1. ETFs generally represent unmanaged index funds, whereas CEFs are generally managed funds, so ETF expense ratios are generally lower. However, there's no reason why managed ETFs can't exist.

2. More importantly, ETFs are open-ended, meaning that the portfolio can increase (or decrease) in size, based on demand. CEFs have a fixed portfolio size, and often trade at discounts or premiums to the underlying value of the portfolio, based on demand.

3. Almost all REIT CEFs are at least moderately leveraged.

Some of the real estate & REIT-related ETFs are:
ICF - iShares Cohen & Steers Realty Majors Index Fund: Tracks the C&S Realty Majors Index, made up of 30 of the largest REITs. See http://www.cohenandsteers.com/ for more information on ICF and all their REIT ETFs.
IYR - iShares Dow Jones U.S. Real Estate Index Fund: Tracks the Dow Jones U.S. Real Estate index, which is almost, but not quite, all REITs. You can see the most recent portfolio at the iShares website: http://us.ishares.com/product_info/fund/overview/IYR.htm?fun...
RWR - streetTRACKS Wilshire REIT: 98 REITs, tracks the Wilshire REIT Index..
VNQ - Vanguard REIT Index VIPERs: An ETF form of Vanguard’s open-end mutual fund that tracks the RMS (the Morgan Stanley REIT Index).

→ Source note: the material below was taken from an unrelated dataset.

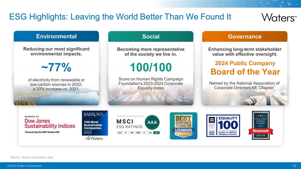 Putting it All Together Raising the bar above ‘6+2+2’ with new vectors of EPS growth accretion Historic EPS Growth Algorithm F Fut utur ure e P Po ot te ent ntiia all + Volume + Large Mol + Pricing + Adjacencies LT EPS Historic L.T. Margin Capital EPS Growth Sales Growth Expansion Deployment Growth Potential Note: Growth rates here reflect our internal analysis of Waters long-term historical sales data which is publicly available. Future long-term growth rate estimates are for organic growth in constant currency with estimates comprised of internal analysis, consulting data, industry reports, and market research, which are subject to change. Margin expansion estimates are at constant currency. All data are estimates based on internal projections and represent forward-looking statements and are subject to inherent uncertainties that could cause actual results to differ and such differences could be material. Please refer to the Company’s Cautionary Statements. ©2024 Waters Corporation 21

See this link on NAREIT’s website for a more complete list of REIT ETFs:
http://www.reit.com/Investing/ListofREITFunds/Exchange-Trade...

Some of the real estate & REIT-related CEFs are:
JRS - Nuveen Real Estate Inc Fund. At least 80% invested in REITs, at least 90% in real estate related companies. Objective is high current income and capital appreciation.
RFI - Cohen & Steers Total Return Realty Fund. Objective is maximum total return through both current income & capital appreciation. Invests primarily in REITs. At of 2010, RFI is the only REIT CEF that does not use leverage to boost returns (and risk).
RLF - Cohen & Steers Advantage Income Realty Fund. At least 90% in real estate related companies, primarily REITs. Objective is high current income.
RQI - Cohen & Steers Quality Income Realty Fund. Objective is high current income; secondarily capital appreciation. Investing parameters similar to JRS (though there's no fixed minimum REIT investment required).
RRE - AIM Select Real Estate Income Fund. Very similar objective & investing parameters as JRS.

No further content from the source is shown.